Rip’s NAPA Store and the Copper Basin Chamber of Commerce are sponsoring the annual Fall Festival and Car Show this Saturday, Nov. 18. It will begin at 9 a.m. on Alden Road in Kearny and last into the late afternoon. The car show itself will fill most of the morning hours until the awards ceremonies at noon. So come early, especially if you are a car lover, because some of the show cars will have come from a goodly distance and it takes a while to get home. There will be many other events and activities thorough the day, making it a good event for both adults and children. Be sure to check out the many vendors.

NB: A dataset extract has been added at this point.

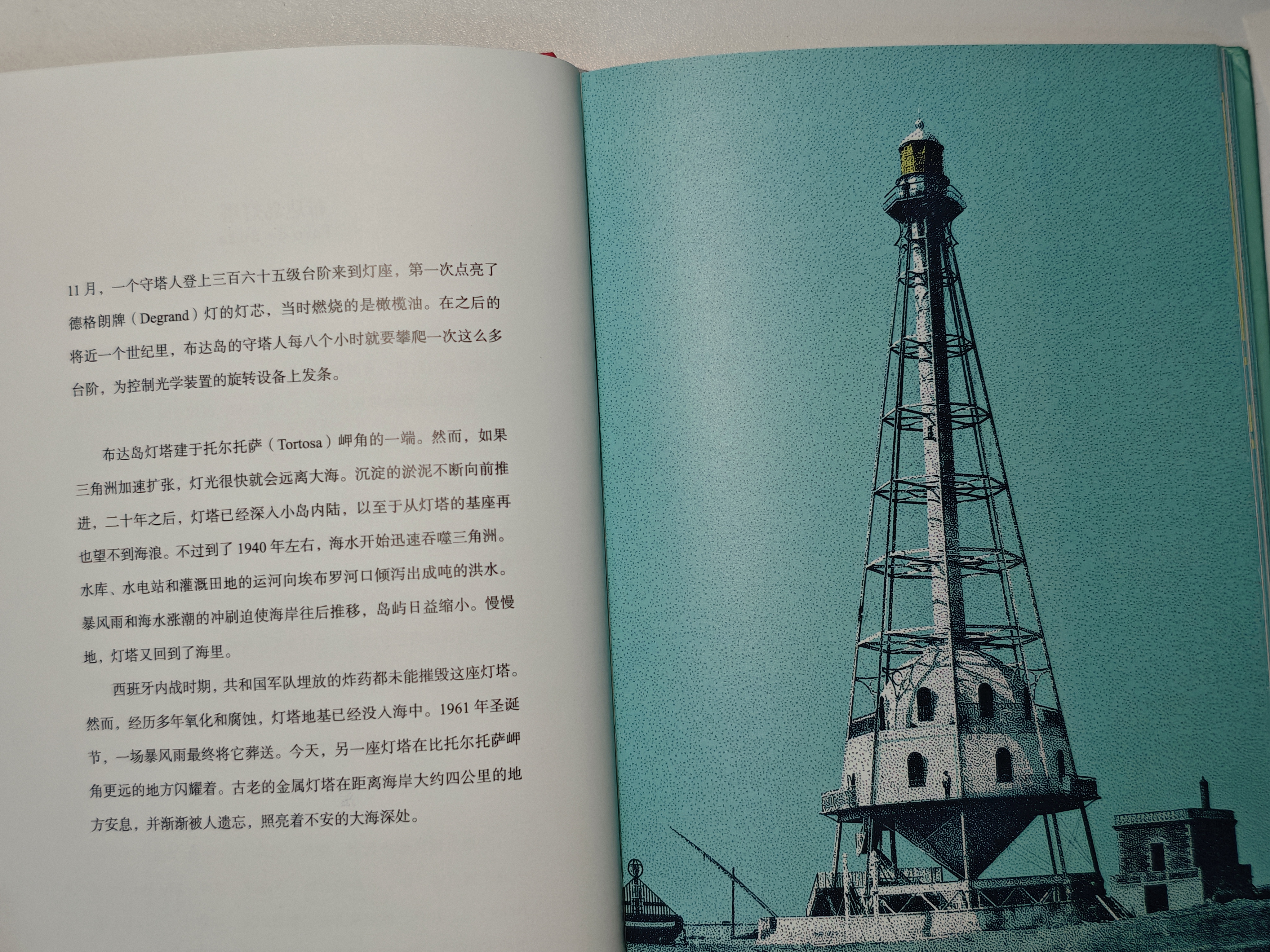 《世界尽头的灯塔》之布达岛灯塔 布达岛灯塔是一座充满传奇色彩的灯塔,它的独特之处在于建在一座“流动”的岛屿上,最终被大海吞噬。布达岛灯塔位于西班牙地中海沿岸的埃布罗河口三角洲,其所在的布达岛是由河流泥沙长期堆积而成的淤泥岛。 这座岛屿最奇特之处在于它并非固定不变,而是会随着水流和泥沙的沉积、冲刷而缓慢漂移,面积也时大时小。因此,建于19世纪的灯塔也随之“游走”,时而深入岛屿内陆,时而出现在海边,景象十分奇特。 由于岛屿本身极不稳定,灯塔的根基也逐渐受到侵蚀。自1864年建造以来,灯塔便随着岛屿慢慢下沉。 最终,在1961年圣诞节的一场猛烈暴风雨中,这座见证了无数船只航行的灯塔被彻底摧毁,葬身于狂暴的海洋之中。

Rip and Katie Vache, ever since they took over the NAPA store, have been positive contributors to the Copper Basin, not merely with the car show which is largely their baby, but by building up NAPA’s role as a well-stocked and well-staffed place of business.
I heard from Monica Badillo that the benefit golf tournament for Jena Martinez Inzunza was a smashing success. There were 103 golfers in the tournament itself. Monica reports that the funds raised are being counted now, but she knows it was a financial success because of two things: the number of people who took part, and the fact that donations of goods and services left no expenses to be covered. Way to go! I’m glad the weather made a positive donation as well.
This week Arizona forestry officials will be meeting with the Winkelman Natural Resources Conservation District during the WNRCD’s quarterly meeting in Oracle. Bill Dunn reports that the environmental surveys for the tamarisk project are proceeding. I hope to have more details on the particulars of the project next week.
Our national Day of Thanksgiving is Thursday, Nov. 23. I’ll be an old curmudgeon and admit that I hate its new name of “Turkey Day” and also its reliance on beer and football. Now that I have that out of the way, I have had a difficult time finding things for which to be thankful. Family, yes. Friends, yes. My faith in God, yes. But it hurts me that so many people in this area are hurting, in so many ways. The Giant stores in San Manuel and Dudleyville are now both closed. Good jobs are hard to find and even harder to get. The recession which began at the end of the Bush administration is still a fact to deal with in rural Arizona (and not just in copper towns).
I do give thanks that the people of Pinal County approved the plan of, and funding for, the Pinal Regional Transportation Authority. This will especially benefit the towns of Superior, Kearny, and Winkelman, even as the urban areas will receive much-needed highways. I give thanks that the people of the Ray School District passed the bond issue by a 2 to 1 margin, a margin much higher than in the other school districts of Pinal County. Now our towns and the Ray Schools will have access to some much needed funds. The people of this area responded to these real needs with their own tax money. When the need is clear, the response is strong.